RETAIL BANKING | Staff Reporter, Singapore

Weekly Global News Wrap Up: Blockchain may hammer Swiss banks; US banks can cash in on higher Libor

And it's the start of a good year for BofA as profits rose 34% in Q1.

From CNBC: The blockchain technology underlying bitcoin could hurt Swiss banks the most, according to Moody's Investors Service. The ratings agency said that Switzerland is most at risk since its massive banking industry generates half of its revenue from fees and commissions. The nation ranks third on Moody's list of countries whose banks handle the most cross-border transactions relative to GDP — excluding outliers Luxembourg and Hong Kong. The UK tops the list, followed by Belgium. 

From Bloomberg: The largest U.S. lenders could each make at least $1 billion in additional pretax profit in 2018 from a jump in the London interbank offered rate for dollars, based on data disclosed by the companies. That’s because customers who take out loans are forced to pay more as Libor rises while the banks’ own cost of credit has mostly held steady. “During the 2008 crisis, it [higher Libor] was the sign capital markets were frozen,” said Fred Cannon, head of research at Keefe, Bruyette & Woods. “Now there’s all this liquidity, so they don’t need to borrow in the Eurodollar market,” where rates are based on Libor, he said.

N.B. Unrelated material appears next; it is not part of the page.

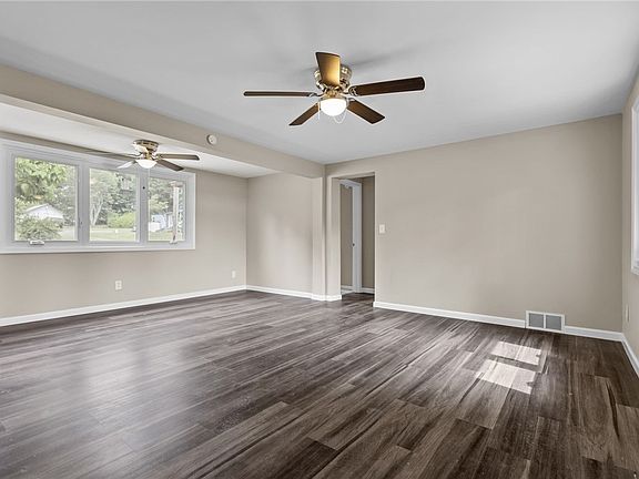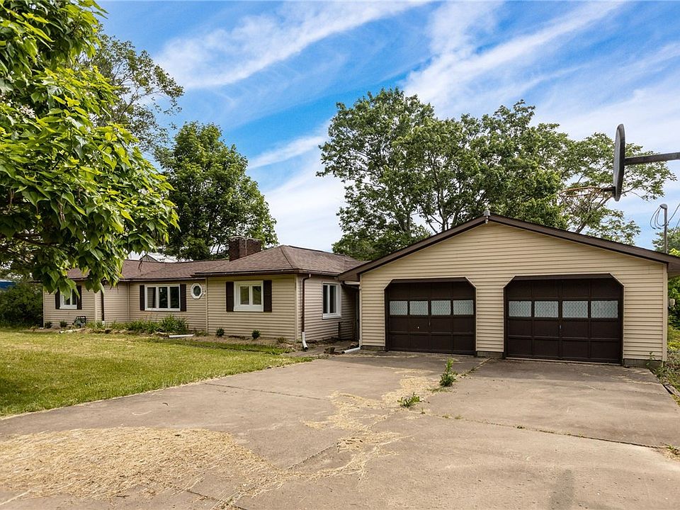 Peaceful country location but just 10 miles to Butler. This spacious ranch offers so much-NEW windows, NEW dine-in, beautifully equipped white kitchen with a plethora of cabinets and counter space, NEW full bath, NEW flooring and fresh paint throughout. Enjoy the lovely fireplace and hearth in the large living room with picture windows front and rear. Rest easy in any of three bedrooms all with large closets. The full bath is crisp, fresh and new. Step out, have coffee, and enjoy nature on the private rear patio. Sure to please the car buff-the oversized 2 car detached garage has plenty of room for a work area too. Covered breezeway between house and garage so groceries are a snap to unload. Large, level lot for pets and play.

From Reuters: Bank of America (BAC.N) reported a 34 percent rise in first-quarter profit on Monday, topping Wall Street estimates, as the lender benefited from higher interest rates and growth in loans and deposits. Revenue rose at three of BofA’s four major businesses. In consumer banking, its biggest business, revenue increased 9 percent as higher interest rates helped BofA charge more for loans while keeping deposit rates low.